→ **Input material**
"""

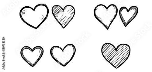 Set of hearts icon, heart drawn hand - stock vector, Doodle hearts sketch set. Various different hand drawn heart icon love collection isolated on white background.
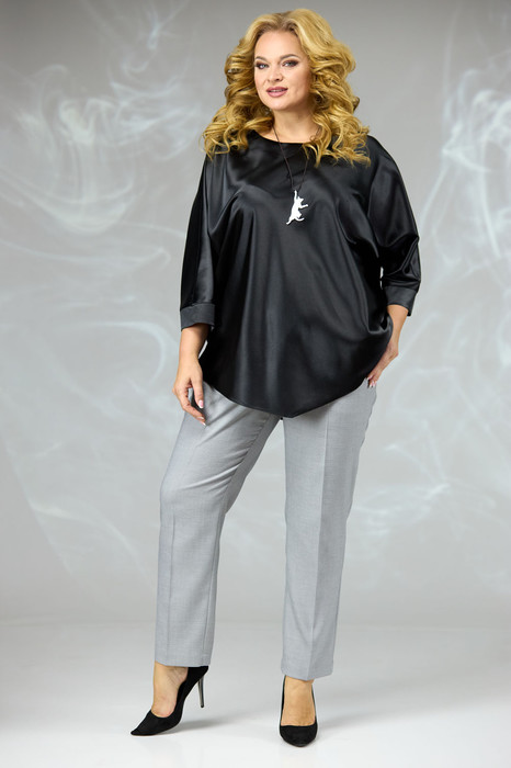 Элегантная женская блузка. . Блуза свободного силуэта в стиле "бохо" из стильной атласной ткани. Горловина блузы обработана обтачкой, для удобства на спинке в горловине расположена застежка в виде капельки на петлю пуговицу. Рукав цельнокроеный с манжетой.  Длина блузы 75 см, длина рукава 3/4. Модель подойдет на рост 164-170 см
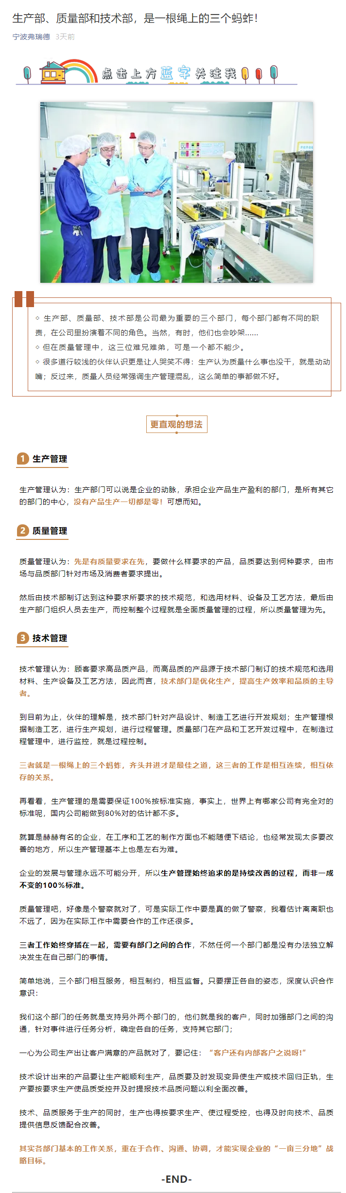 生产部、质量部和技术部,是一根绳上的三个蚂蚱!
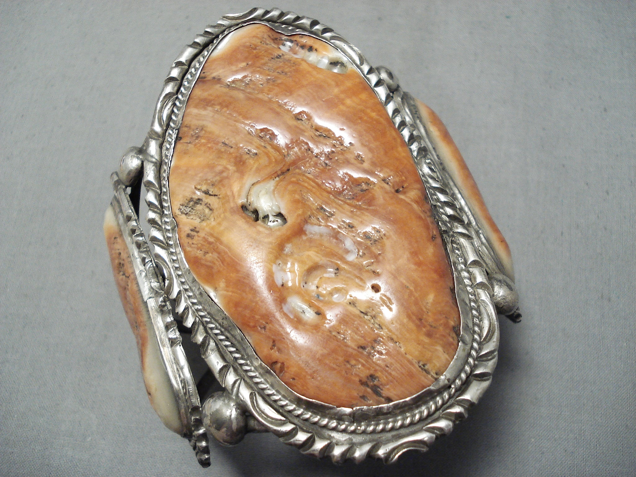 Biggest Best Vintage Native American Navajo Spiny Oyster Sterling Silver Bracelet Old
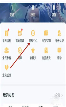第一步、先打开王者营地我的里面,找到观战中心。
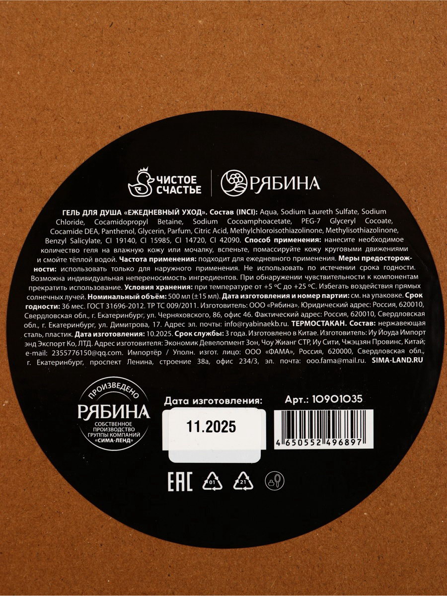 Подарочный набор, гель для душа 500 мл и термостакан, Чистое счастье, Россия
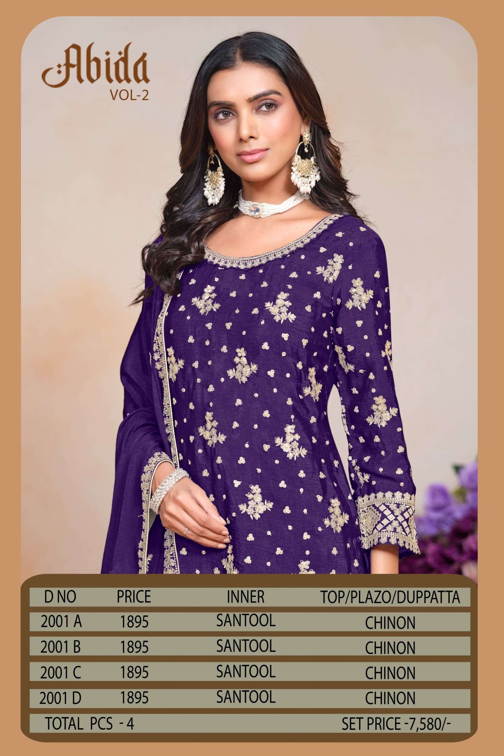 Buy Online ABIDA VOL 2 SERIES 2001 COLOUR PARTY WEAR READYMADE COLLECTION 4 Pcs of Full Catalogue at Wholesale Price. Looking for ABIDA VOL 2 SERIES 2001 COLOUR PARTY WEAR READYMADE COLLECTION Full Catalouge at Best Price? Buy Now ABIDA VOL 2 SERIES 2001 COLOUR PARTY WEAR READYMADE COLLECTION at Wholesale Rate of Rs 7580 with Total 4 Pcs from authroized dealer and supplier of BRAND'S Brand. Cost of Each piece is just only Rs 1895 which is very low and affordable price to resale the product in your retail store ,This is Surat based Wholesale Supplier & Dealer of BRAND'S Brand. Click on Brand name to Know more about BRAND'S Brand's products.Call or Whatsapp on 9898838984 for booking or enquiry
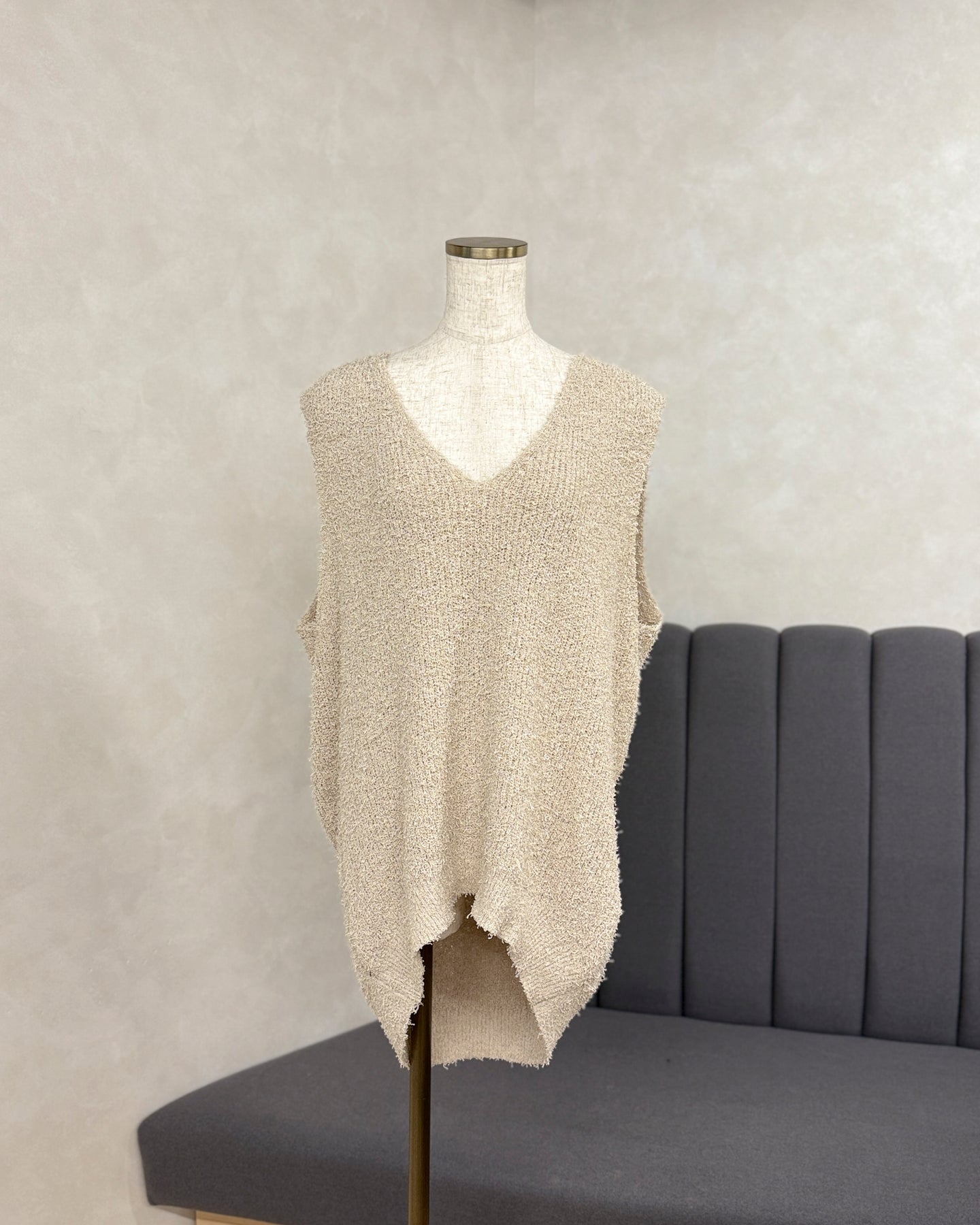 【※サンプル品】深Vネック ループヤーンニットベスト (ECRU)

"""
"""

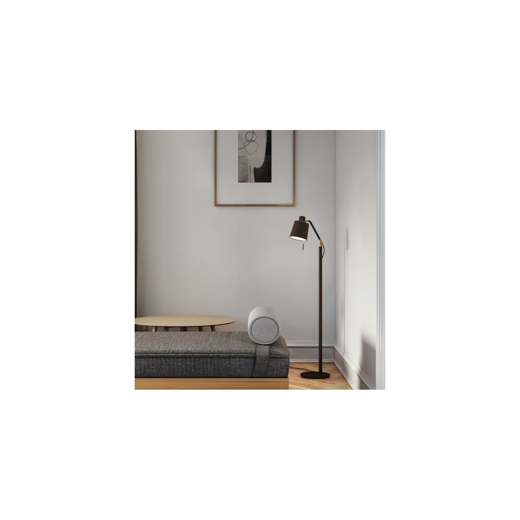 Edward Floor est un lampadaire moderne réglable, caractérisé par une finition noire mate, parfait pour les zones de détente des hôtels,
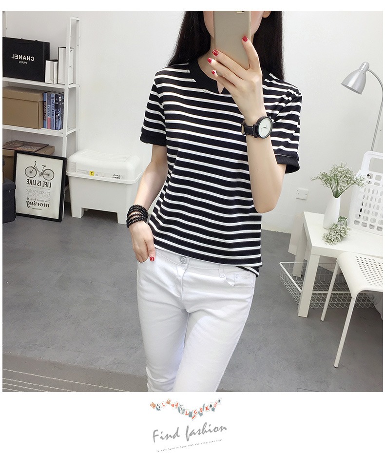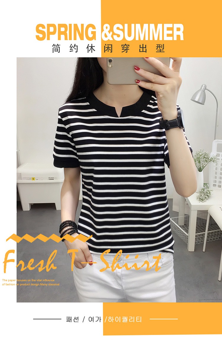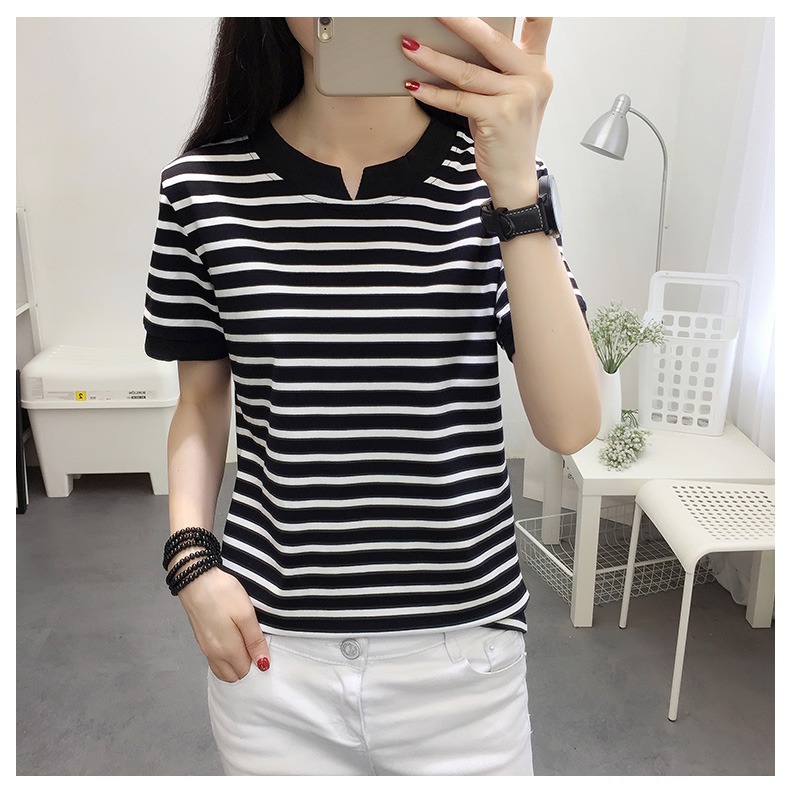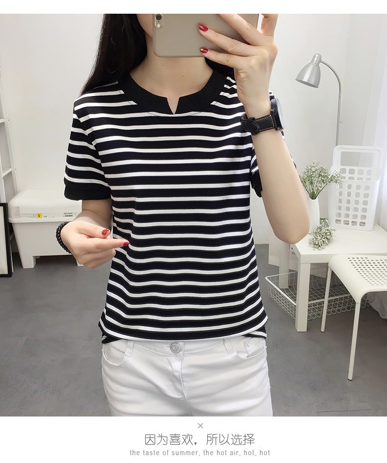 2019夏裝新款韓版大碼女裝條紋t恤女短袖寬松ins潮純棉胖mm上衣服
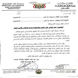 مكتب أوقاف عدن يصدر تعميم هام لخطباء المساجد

"""
"""

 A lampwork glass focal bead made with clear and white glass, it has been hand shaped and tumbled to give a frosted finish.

"""

Write out the lines above from the one with "第一步、先打开王者营地我的里面,找到观战中心。" through the one with "Подарочный набор, гель", ends included, exactly; no picture goes in.

第一步、先打开王者营地我的里面,找到观战中心。
 Подарочный набор, гель для душа 500 мл и термостакан, Чистое счастье, Россия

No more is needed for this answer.